Stored data entries.
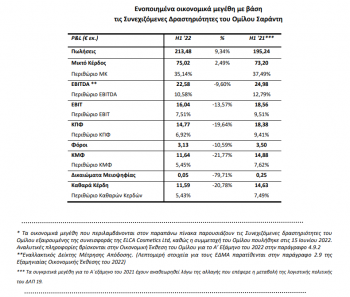 Ο παραπάνω πίνακας P&L παρουσιάζει τα ενοποιημένα οικονομικά μεγέθη του Ομίλου εξαιρουμένης της συνεισφοράς της εταιρείας ELCA Cosmetics Ltd, η οποία προηγουμένως ενοποιούνταν ως θυγατρική με τη μέθοδο της καθαρής θέσης. Υπενθυμίζεται ότι την 15 Ιουνίου 2022 και μετά από 21 χρόνια επιτυχούς συνεργασίας, ο Όμιλος προέβη στην πώληση του κατά 49% ποσοστού συμμετοχής της στο Joint Venture με την εταιρεία The Estée Lauder Companies, ELCA Cosmetics Ltd.
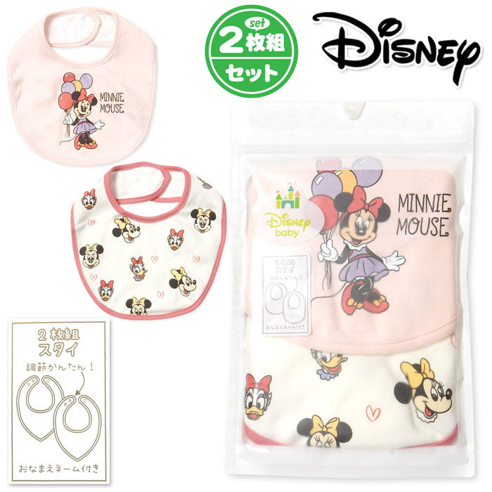 這套可愛的2片組非常適合女寶寶,上面印有迷人的米妮老鼠圖案。圍兜採用了牢固的按扣設計,可調節兩個檔位,非常方便。材質使用100%純棉,柔軟舒適。這套組合有兩個圍兜,非常適合更換使用。
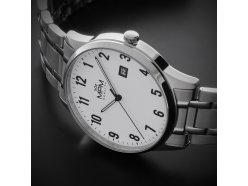 Klasické pánské hodinky MPM Klasik I na nerezovém tahu s funkcí zobrazení data na číselníku.
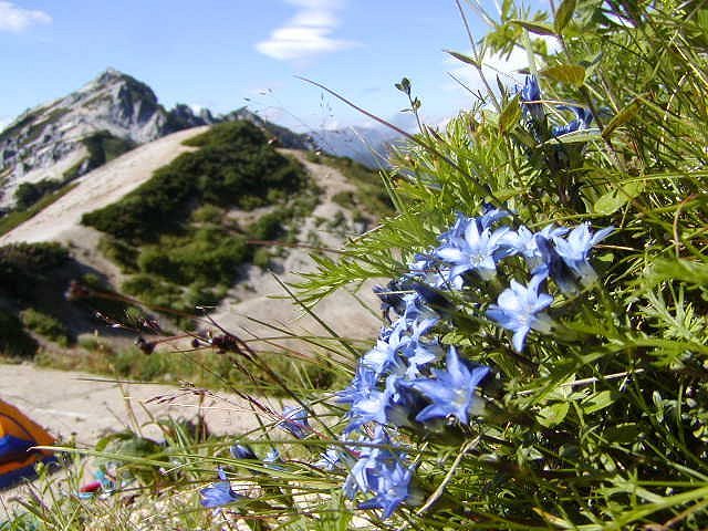 「トウヤクリンドウと槍ヶ岳」(常念岳にて)
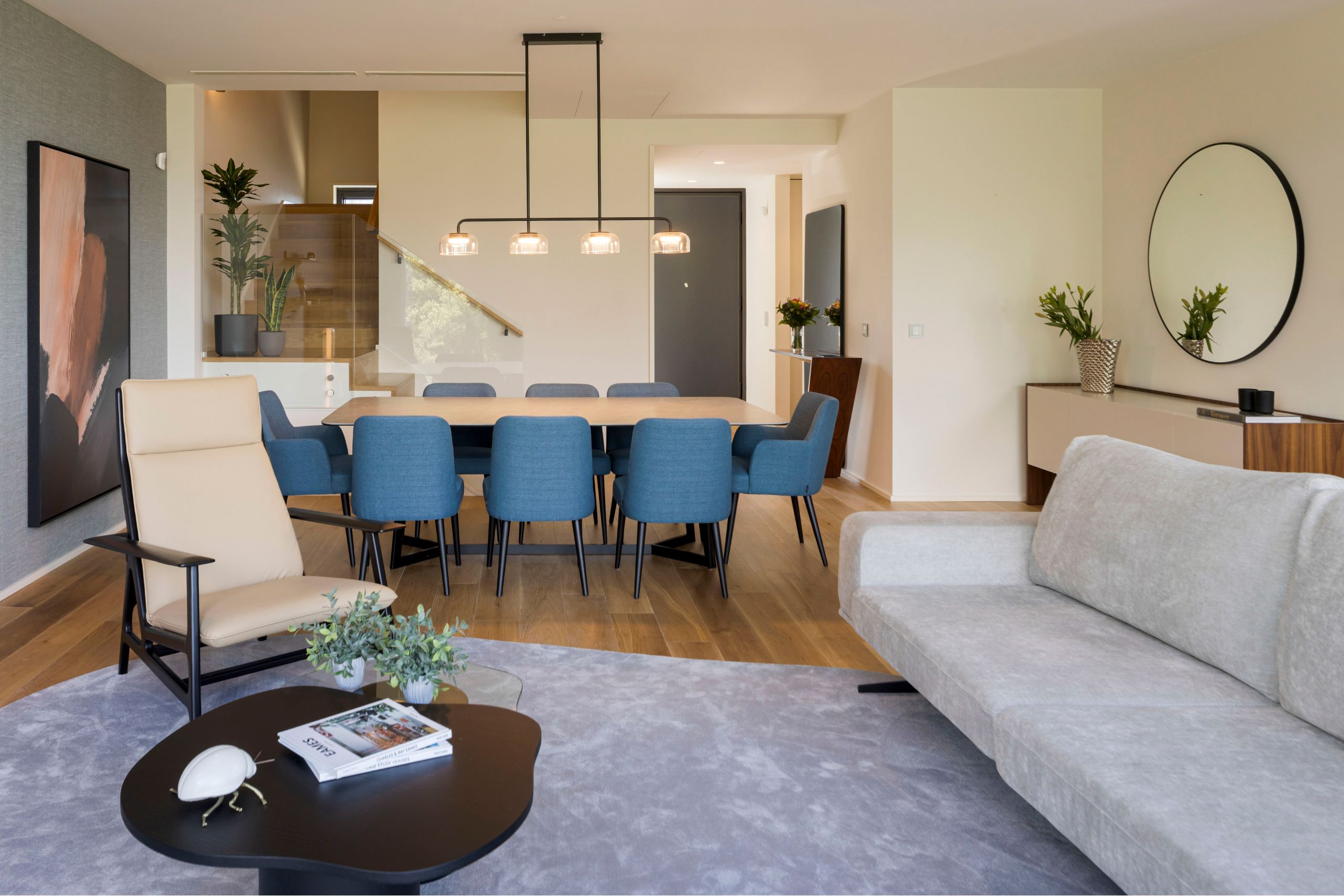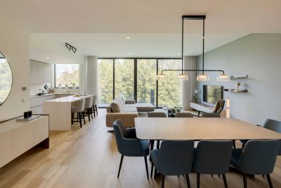 The open‑concept social area was envisioned as the heart of the home, a spacious, fluid environment that encourages moments of connection and shared living. The interplay between the living room, dining room, and kitchen creates a visual continuity that reinforces a sense of modernity and comfort.
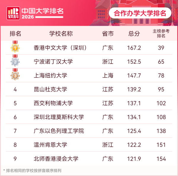 单科性大学排名中,沪上高等院校各显实力。除上海财经大学、上海体育大学分别居于财经类、体育类榜首外,上海中医药大学位列中医药大学排名的第2位;上海外国语大学在语言类大学排名中位居全国第2名;华东政法大学也居全国政法类大学第2。此外,上海纽约大学不仅跻身公办总榜百强、位列全国第78名,还在合作办学大学排名中位列第3名,排名在先的分别是香港中文大学(深圳)、宁波诺丁汉大学。
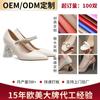 Processando e Personalizando Novos Saltos Altos de Banquete Estilo Europeu e Americano, Fivela de Pérola de Uma Linha, Salto Alto Grosso Feminino, Feito Sob Encomenda
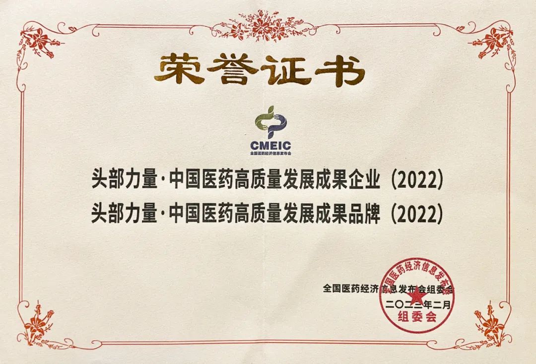 亚娱体育荣获“2022头部力量-中国医药高质量发展成果企业及成果品牌”
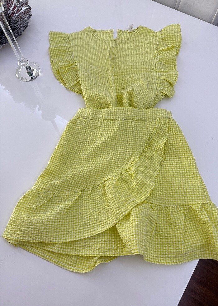 Harika yazlık takım limon sarı yeşil renkte
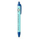 This awesome personalized pen features a cute penguin character with a white tummy, big blue eyes with black pupils and cute orange feet and beak. This charming little winter bird is sure to delight children and adults. The penguin sits on an icy pale blue background to remind him of his chilly Arctic home. There is customizable text on the pen so you can personalize it with message of your choice.
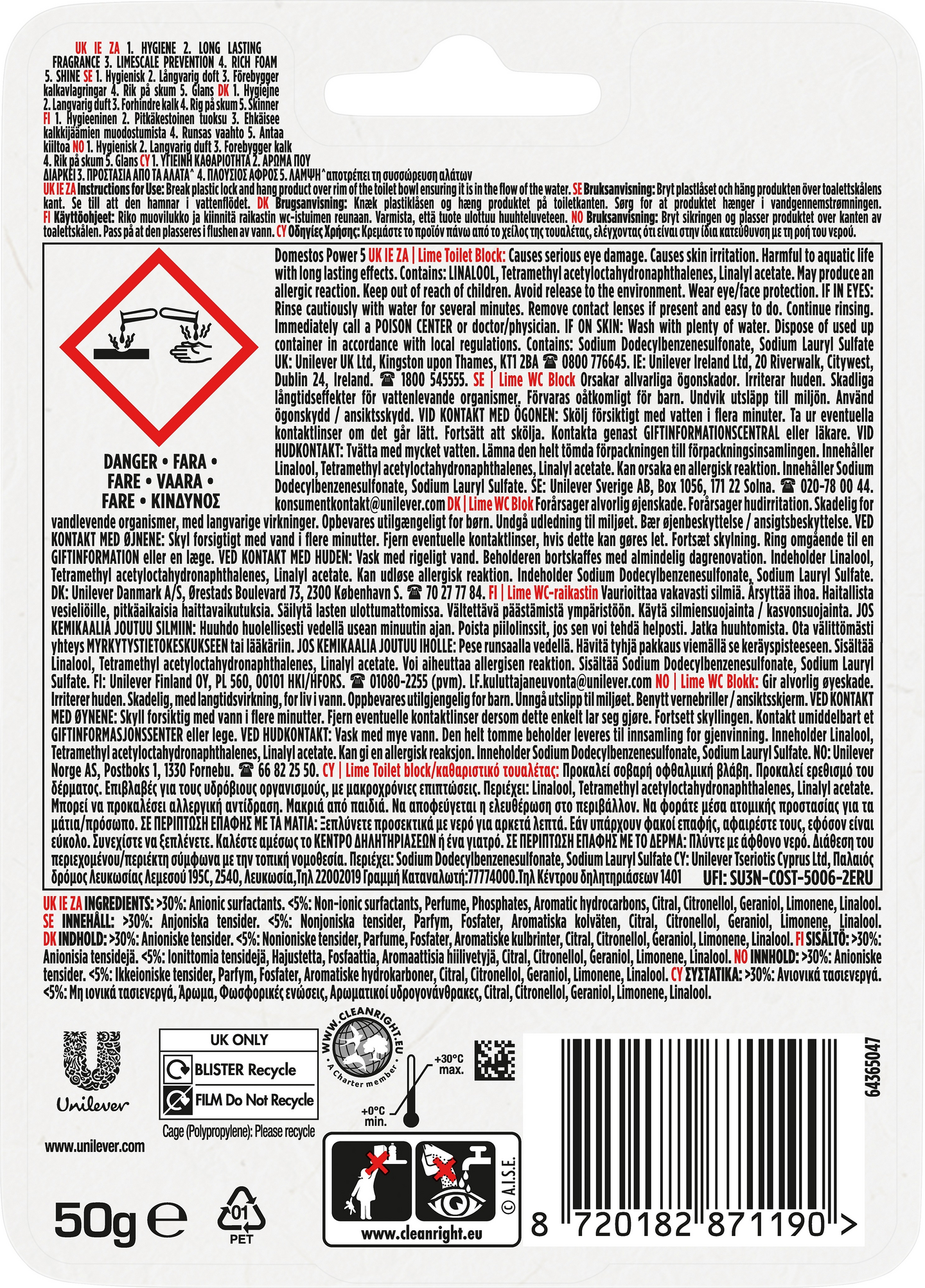 Raikasta jokainen huuhtelusi Domestos Power 5 Lime WC-raikastimella! Paras WC-raikastimemme ei tarjoa vain yhtä, vaan jopa viisi erilaista ominaisuutta mahtavaan puhtauteen. Power 5 Lime WC-raikastin tuo jokaisella huuhtelulla WC-pönttöösi runsaan vaahdon, kiiltävän puhtauden ja raikkaan pitkäkestoisen tuoksun. Se myös ehkäisee WC-pöntön likaantumista ja kalkkiintumista. Kokeile! Pidä WC-istuin raikkaana ja puhtaana. Se on helppoa Domestos Power 5 Lime WC-raikastimen avulla. Taita ripustin ulos, riko muovitiiviste ja ripusta WC-raikastin WC-istuimen reunan yli niin, että raikastin osuu vesivirtaukseen aina kun vedät WC:n. Riippumatta siitä, käytätkö WC-raikastinta, WC-raikastintikkuja tai WC-siivousaineitamme, voit luottaa siihen, että me Domestoksella pidämme WC-istuimesi puhtaana, hygieenisenä ja raikkaana. Tuloksena on puhdas, hyväntuoksuinen ja hygieeninen vessa tai kylpyhuone. Domestos Power 5 Lime suojaa sinua ja perhettäsi tehokkaasti bakteereilta. Käytä aina bakterisidisiä, desinfiointiaineita sisältäviä, puhdistusaineita turvallisesti ja kestävästi. Lue käyttöohje ja pakkausseloste ennen käyttöä. Domestos on tunnettu kodinpuhdistuksen brittiläinen tavaramerkki, joka on auttanut pitämään koteja puhtaana aina 1920-luvulta saakka. Taistelemme paremman hygienian puolesta kaikkialla maailmassa. Domestos osallistuu torjumaan bakteereja myös siellä, missä apua eniten tarvitaan. Yhteistyössä UNICEFin kanssa ja oman kehitysohjelmansa avulla Domestos lisää hygieniatietoisuutta ja auttaa parantamaan sanitaatiota mm. Intiassa ja Afrikan mantereen maissa. Viimeiset kymmenen vuotta olemme torjuneet huonoja saniteettiolosuhteita ja auttaneet 28 miljoonaa ihmistä saamaan puhtaamman ja turvallisemman WC:n. Nyt olemme asettaneet tavoitteemme uudelleen: 100 miljoonaan ihmiseen vuoteen 2030 mennessä. WC-tilojen lisääminen ei riitä. Olemassa olevat WC:t on pidettävä toimintakunnossa varmistamalla, että niitä käytetään, puhdistetaan ja huolletaan turvallisesti. Tämä tarkoittaa positiivisten tapojen luomista tämän sukupolven keskuudessa. Näin rakennetaan oikeanlainen hygieniaperusta tuleville sukupolville.
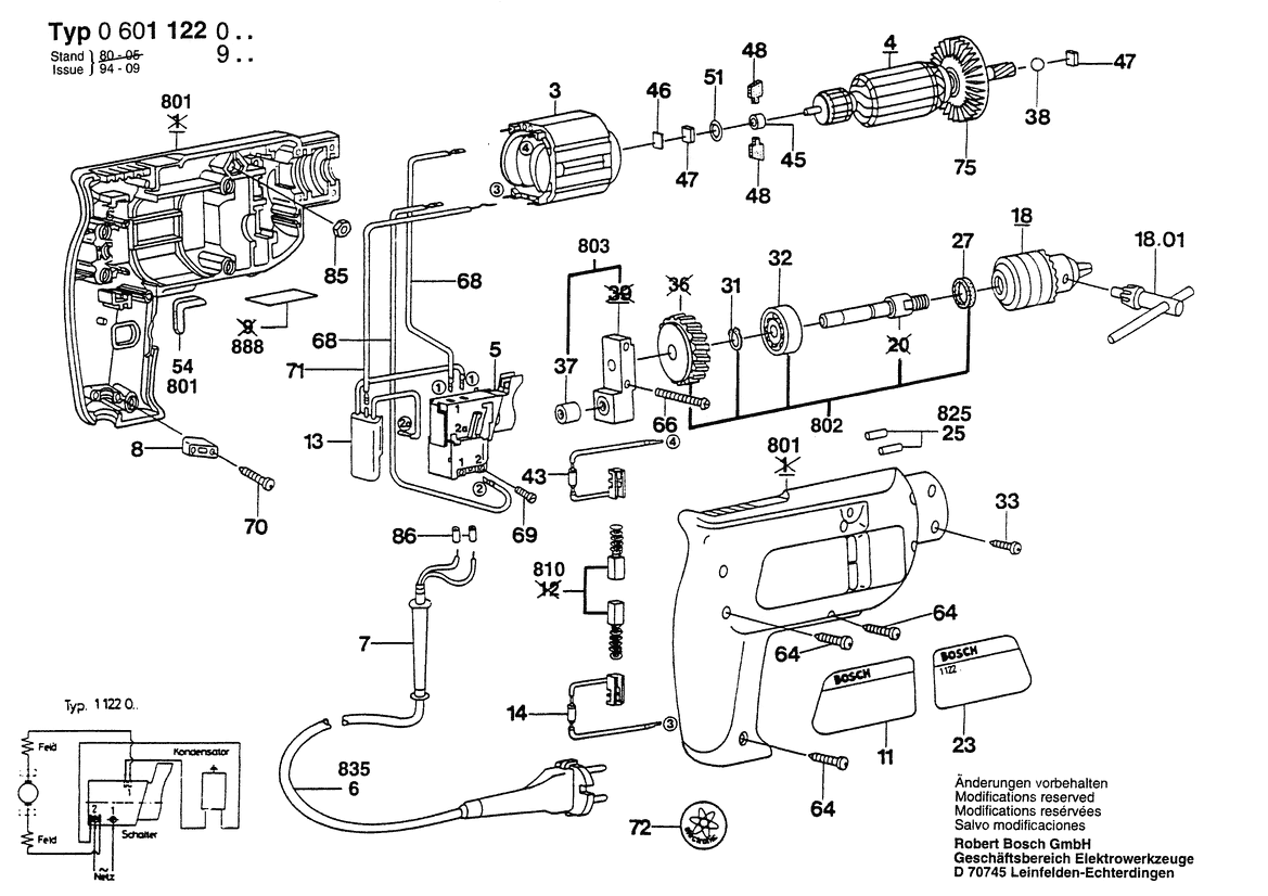 Zeichnung Sollten Sie Fragen zu einem Ersatzteil vom Bosch Bohrmaschine Bohrmaschine | 240 V | 027 - AU (0 601 122 037) haben, können Sie uns gerne eine E-Mail (mit einem Foto vom Typenschild Ihres Gerätes) schreiben oder eine Ersatzteilanfrage stellen.

PROBLEM.
Give all the entries again exactly, dropping each picture.

PROBLEM SOLUTION.
 Ο παραπάνω πίνακας P&L παρουσιάζει τα ενοποιημένα οικονομικά μεγέθη του Ομίλου εξαιρουμένης της συνεισφοράς της εταιρείας ELCA Cosmetics Ltd, η οποία προηγουμένως ενοποιούνταν ως θυγατρική με τη μέθοδο της καθαρής θέσης. Υπενθυμίζεται ότι την 15 Ιουνίου 2022 και μετά από 21 χρόνια επιτυχούς συνεργασίας, ο Όμιλος προέβη στην πώληση του κατά 49% ποσοστού συμμετοχής της στο Joint Venture με την εταιρεία The Estée Lauder Companies, ELCA Cosmetics Ltd.
 這套可愛的2片組非常適合女寶寶,上面印有迷人的米妮老鼠圖案。圍兜採用了牢固的按扣設計,可調節兩個檔位,非常方便。材質使用100%純棉,柔軟舒適。這套組合有兩個圍兜,非常適合更換使用。
 Klasické pánské hodinky MPM Klasik I na nerezovém tahu s funkcí zobrazení data na číselníku.
 「トウヤクリンドウと槍ヶ岳」(常念岳にて)
 The open‑concept social area was envisioned as the heart of the home, a spacious, fluid environment that encourages moments of connection and shared living. The interplay between the living room, dining room, and kitchen creates a visual continuity that reinforces a sense of modernity and comfort.
 单科性大学排名中,沪上高等院校各显实力。除上海财经大学、上海体育大学分别居于财经类、体育类榜首外,上海中医药大学位列中医药大学排名的第2位;上海外国语大学在语言类大学排名中位居全国第2名;华东政法大学也居全国政法类大学第2。此外,上海纽约大学不仅跻身公办总榜百强、位列全国第78名,还在合作办学大学排名中位列第3名,排名在先的分别是香港中文大学(深圳)、宁波诺丁汉大学。
 Processando e Personalizando Novos Saltos Altos de Banquete Estilo Europeu e Americano, Fivela de Pérola de Uma Linha, Salto Alto Grosso Feminino, Feito Sob Encomenda
 亚娱体育荣获“2022头部力量-中国医药高质量发展成果企业及成果品牌”
 Harika yazlık takım limon sarı yeşil renkte
 This awesome personalized pen features a cute penguin character with a white tummy, big blue eyes with black pupils and cute orange feet and beak. This charming little winter bird is sure to delight children and adults. The penguin sits on an icy pale blue background to remind him of his chilly Arctic home. There is customizable text on the pen so you can personalize it with message of your choice.
 Raikasta jokainen huuhtelusi Domestos Power 5 Lime WC-raikastimella! Paras WC-raikastimemme ei tarjoa vain yhtä, vaan jopa viisi erilaista ominaisuutta mahtavaan puhtauteen. Power 5 Lime WC-raikastin tuo jokaisella huuhtelulla WC-pönttöösi runsaan vaahdon, kiiltävän puhtauden ja raikkaan pitkäkestoisen tuoksun. Se myös ehkäisee WC-pöntön likaantumista ja kalkkiintumista. Kokeile! Pidä WC-istuin raikkaana ja puhtaana. Se on helppoa Domestos Power 5 Lime WC-raikastimen avulla. Taita ripustin ulos, riko muovitiiviste ja ripusta WC-raikastin WC-istuimen reunan yli niin, että raikastin osuu vesivirtaukseen aina kun vedät WC:n. Riippumatta siitä, käytätkö WC-raikastinta, WC-raikastintikkuja tai WC-siivousaineitamme, voit luottaa siihen, että me Domestoksella pidämme WC-istuimesi puhtaana, hygieenisenä ja raikkaana. Tuloksena on puhdas, hyväntuoksuinen ja hygieeninen vessa tai kylpyhuone. Domestos Power 5 Lime suojaa sinua ja perhettäsi tehokkaasti bakteereilta. Käytä aina bakterisidisiä, desinfiointiaineita sisältäviä, puhdistusaineita turvallisesti ja kestävästi. Lue käyttöohje ja pakkausseloste ennen käyttöä. Domestos on tunnettu kodinpuhdistuksen brittiläinen tavaramerkki, joka on auttanut pitämään koteja puhtaana aina 1920-luvulta saakka. Taistelemme paremman hygienian puolesta kaikkialla maailmassa. Domestos osallistuu torjumaan bakteereja myös siellä, missä apua eniten tarvitaan. Yhteistyössä UNICEFin kanssa ja oman kehitysohjelmansa avulla Domestos lisää hygieniatietoisuutta ja auttaa parantamaan sanitaatiota mm. Intiassa ja Afrikan mantereen maissa. Viimeiset kymmenen vuotta olemme torjuneet huonoja saniteettiolosuhteita ja auttaneet 28 miljoonaa ihmistä saamaan puhtaamman ja turvallisemman WC:n. Nyt olemme asettaneet tavoitteemme uudelleen: 100 miljoonaan ihmiseen vuoteen 2030 mennessä. WC-tilojen lisääminen ei riitä. Olemassa olevat WC:t on pidettävä toimintakunnossa varmistamalla, että niitä käytetään, puhdistetaan ja huolletaan turvallisesti. Tämä tarkoittaa positiivisten tapojen luomista tämän sukupolven keskuudessa. Näin rakennetaan oikeanlainen hygieniaperusta tuleville sukupolville.
 Zeichnung Sollten Sie Fragen zu einem Ersatzteil vom Bosch Bohrmaschine Bohrmaschine | 240 V | 027 - AU (0 601 122 037) haben, können Sie uns gerne eine E-Mail (mit einem Foto vom Typenschild Ihres Gerätes) schreiben oder eine Ersatzteilanfrage stellen.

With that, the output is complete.